Voltaire pretende mostrar que a felicidade nem
sempre é possível. Candide, iludido de início com a perspectiva de encontrar
um mundo melhor, acaba dececionado com o mundo, sem sentir mais, no final,
amor por Cunégonde. Voltaire mostra assim o seu ceticismo em relação aos
sentimentos e às emoções. Conclui-se que não vale a pena termos muitas ambições
nem amarmos excessivamente. Não podemos mudar o mundo de forma imediata, mas
apenas cuidar do nosso «petit jardin».
O mundo, um
caos de horrores para Voltaire, é-nos retratado através das catástrofes
naturais que atingem o homem. Exemplos disso são a tempestade e o tremor de
terra, causadores da morte de Jacques e da ruína de Lisboa, as epidemias de que
sofrem Pangloss e a velha, o
canibalismo, quando os vinte guardas do sultão de Constantinopla comeram dois
eunucos e cortaram as nádegas às mulheres para se alimentarem delas, e quando
Candide e Cacambo foram amarrados com
cordas para serem mortos. A cena de canibalismo pretende mostrar a
insensibilidade dos homens uns para com os outros, consequência da ignorância.
Voltaire deixa perpassar o seu anticlericalismo, na medida
em que considera a Igreja a origem de todo o mal: a Inquisição é-nos retratada
por Voltaire através da celebração de um auto de fé, em Lisboa, para que a
terra deixasse de tremer.
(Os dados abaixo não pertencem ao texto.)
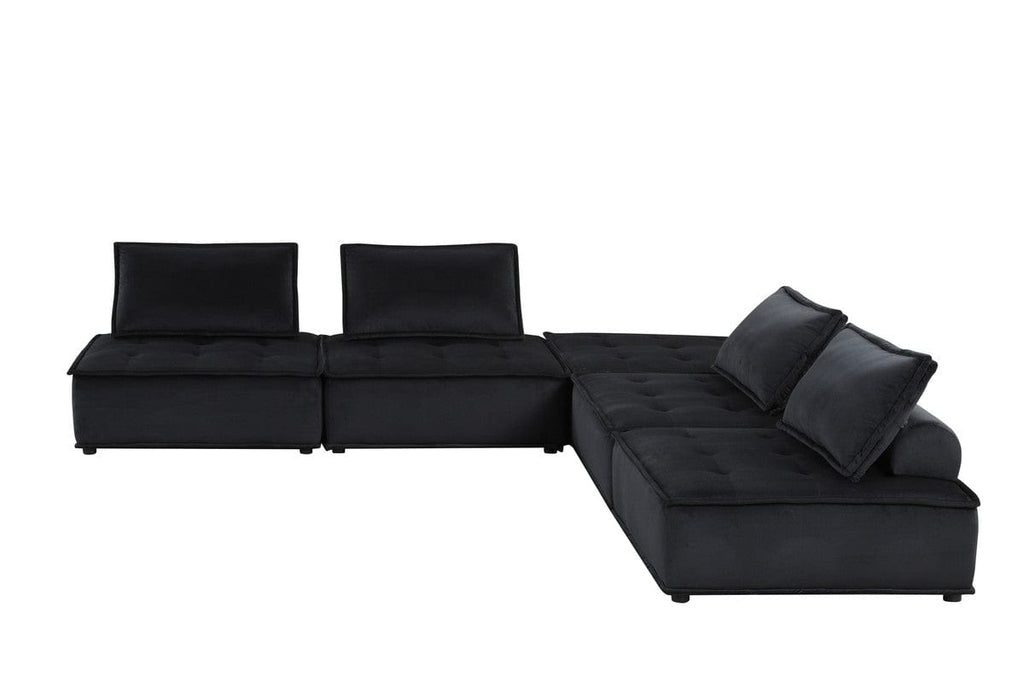 Style your room with the Ana Sectional Sofa Ottoman. The soft velvet upholstery along with the cushion back support of the sofa is the most comfortable spot for you to relax in after a long day. The modern aesthetic and tufted seating will surely enhance the décor of any living space, whether it be the living room, bedroom, or even the home office. Each seat unit comes with the back cushion and easily becomes an ottoman without it. The modular aspect of this sofa allows you to create a sectional in the configuration you desire!

Durante essa celebração, Candide foi açoitado, o
biscaio e os dois homens que não comeram
porco foram queimados e Pangloss foi enforcado por não acreditar no pecado
original e achar que tudo no mundo está bem e que não podia ser melhor. Esta é
a teoria que o filósofo defende ao longo de toda a obra e que Voltaire critica com
ironia. O otimismo deve ser combatido, não devemos resignar-nos ao mal.
Voltaire critica, assim, a intolerância
religiosa, o fanatismo da Igreja, o princípio da obscuridade e a superstição,
que ele nomeia de «l'infâme». A superstição é contra a humanidade, constitui um
obstáculo à felicidade humana.
O problema
das guerras é-nos retratado por Voltaire em várias cenas: a guerra da Holanda,
a guerra entre árabes e búlgaros, em que é evidente a devastação; as cinquenta guerras
civis das filhas do imperador Muley-Ismaël em Marrocos; a guerra em Azof contra
os russos; e o combate naval entre o navio holandês e o navio espanhol, que se
afundam. O autor pretende mostrar que a humanidade se está a degradar e que os
homens são os responsáveis pela sua própria infelicidade. É a ambição dos
príncipes pelas riquezas dos outros países que leva à destruição, à guerra e à morte.
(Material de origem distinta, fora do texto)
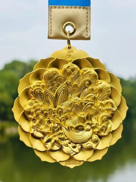 完赛奖牌呈亮金色,以“莲动,塔影、逐梦”为三重设计思路,将黄冈的“自然生态标识”(荷花)、“文化地标”(青云塔)与马拉松的“坚持”“胜利”“逐梦”精神深度融合,形成“外显自然之美、内藏文化之魂”的设计逻辑,打造“有故事、有温度、有辨识度”的赛事纪念物。

Voltaire, enquanto defensor da liberdade do homem,
insurge-se contra a escravidão, que é condenada através da cena do escravo de
Surinam, sem uma mão e sem uma perna porque, segundo as suas próprias palavras,
é hábito dos patrões punir os seus escravos com estas mutilações, quando tentam
fugir. Voltaire considerava que a escravidão era contra a humanidade uma vez
que os homens são livres por natureza. Por outro lado a escravidão levava à
perda de valores morais dos indivíduos.
A maldade é outro mal censurado por Voltaire. Ele não
acredita que o homem é naturalmente bom. Podemos constatar isso ao longo da
obra: quando Candide é roubado em Surinam por um patrão que, supostamente, o ia
conduzir a Veneza; quando tem de pagar dez mil piastras pelo barulho que fez ao
bater à porta e outras tantas pela audiência; e quando um pensador, no teatro,
ao lado de Candide, põe defeitos à representação dos atores apesar de estes
estarem a desempenhar muito bem o seu papel.
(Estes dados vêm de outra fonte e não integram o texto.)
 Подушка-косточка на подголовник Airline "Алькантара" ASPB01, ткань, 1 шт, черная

A violência política também nos é mostrada através de
atentados, execuções e revoluções. Todo este ambiente de morte pretende mostrar
que o mal existe à face da terra e que muita gente morre sem necessidade. Por
outro lado, Voltaire mostra-se contra a forma de governo, que considera
despótica, pois tolera e encoraja todo este ambiente de degradação,
justificando-o com a providência divina.
Ao
mostrar-nos todo este cenário de devastação, Voltaire tem por objetivo fazer
os seus leitores refletir sobre o mal. Para ele, defensor da liberdade de
pensamento, cada sujeito devia ter o direito de pensar por si, de fazer uso da
razão. Todos os homens são dotados de capacidade crítica, faculdade de julgamento
e moral para poderem distinguir o que é justo do que é injusto. A moral é,
segundo Voltaire, independente da lei, de contratos e da religião. Ela existe
em todos os homens. São as ideias morais que constituem o conjunto de
conhecimentos necessários aos homens, todos os outros são desnecessários.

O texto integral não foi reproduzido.